Dr Stephan Havemann is an observation based research scientist at the Met Office, specialising in the development of fast radiative transfer and variational retrieval codes.

Interested applicants are invited to contact Dr Jeremy Harrison (jh592@leicester.ac.uk). Note that all potential applicants are strongly advised to make contact before applying.

https://www2.le.ac.uk/departments/physics/people/jeremyharrison/jeremyharrison


Please visit the University of Leicester website for application guidance:

https://le.ac.uk/study/research-degrees/funded-opportunities/centa-phd-studentships

 

This is a CENTA Flagship Project

These have been selected because the project meets specific characteristics such as CASE support, collaboration with our CENTA high-level end-users, diversity of the supervisory team, career development of the supervisory team, collaboration with one of our Research Centre Partners (BGS, CEH, NCEO, NCAS) or student co-designed project. These characteristics are a CENTA priority. Studentships associated with Flagship projects will be provided exactly the same level of support as all other studentships.

 

Possible timeline

Year 1

Adapt ULIRS software to handle CrIS data.  Perform benchmark retrievals of short-lived pollutants and precursors from CrIS and IASI radiance spectra using ULIRS.  Validate ULIRS retrievals against in situ and aircraft measurements where appropriate.

Year 2

Perform retrievals using alternative fast schemes, incorporating for example the Havemann-Taylor Fast Radiative Transfer Code (HT-FRTC), linear retrieval methods, and machine learning techniques.

Year 3

Perform detailed comparisons of fast retrieval outputs against benchmark results.  Investigate reasons for any differences, and tweak fast schemes if necessary.  Draw conclusions on the suitability of the various fast schemes to perform accurate retrievals of short-lived pollutants and precursors from CrIS and IASI radiance spectra, as well as determine their strengths and weaknesses.

Further reading

Clarisse, L., Clerbaux, C., Dentener, F. et al.

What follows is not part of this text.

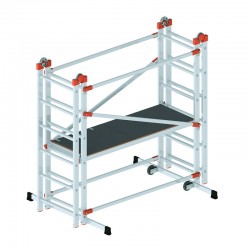 Une fois replié, cet échafaudage polyvalent est extrêmement compact , ce qui facilite son transport sur des véhicules utilitaires et son stockage en entrepôt. Son faible poids de 32,4 kg et ses dimensions optimisées permettent à un seul opérateur de le manipuler aisément, tout en conservant une grande rigidité structurelle.

Global ammonia distribution derived from infrared satellite observations. Nature Geosci 2, 479–483 (2009). https://doi.org/10.1038/ngeo551

Clarisse, L., et al. Thermal infrared nadir observations of 24 atmospheric gases. Geophys. Res. Lett. 38, L10802 (2011). https://doi.org/10.1029/2011GL047271

Clarisse, L., Van Damme, M., Gardner, W. et al. Atmospheric ammonia (NH3) emanations from Lake Natron’s saline mudflats. Sci Rep 9, 4441 (2019). https://doi.org/10.1038/s41598-019-39935-3

Dudhia, A. The Reference Forward Model (RFM). J. Quant. Spect. Rad. Trans. 186, 243-253 (2017). https://doi.org/10.1016/j.jqsrt.2016.06.018

Fu, D., Millet, D.B., Wells, K.C. et al. Direct retrieval of isoprene from satellite-based infrared measurements. Nat Commun 10, 3811 (2019). https://doi.org/10.1038/s41467-019-11835-0

Havemann, S., Thelen, J.-C., Taylor, J.P., Harlow, R.C. The Havemann-Taylor Fast Radiative Transfer Code (HT-FRTC): A multipurpose code based on principal components. J. Quant. Spect. Rad. Trans. 220, 180-192 (2018). https://doi.org/10.1016/j.jqsrt.2018.09.008

Illingworth, S. M., et al. ULIRS, an optimal estimation retrieval scheme for carbon monoxide using IASI spectral radiances: sensitivity analysis, error budget and simulations.  Atmos. Meas. Tech. 4, 269-288 (2011). https://doi.org/10.5194/amt-4- 269-2011

Van Damme, M., Clarisse, L., Whitburn, S. et al. Industrial and agricultural ammonia point sources exposed. Nature 564, 99–103 (2018). https://doi.org/10.1038/s41586-018-0747-1

Wells, K.C., Millet, D.B., Payne, V.H. et al. Satellite isoprene retrievals constrain emissions and atmospheric oxidation. Nature 585, 225–233 (2020). https://doi.org/10.1038/s41586-020-2664-3

COVID-19

This project is predominantly computer-based, and can be performed either in an office environment or remotely at home if necessary.  If working at home due to covid-19 restrictions, an internet connection is required in order to access university and NERC computing facilities, software and EO data.  Meetings with the supervisory team will be held safely and physically distanced, where permissible, or using online videoconferencing software.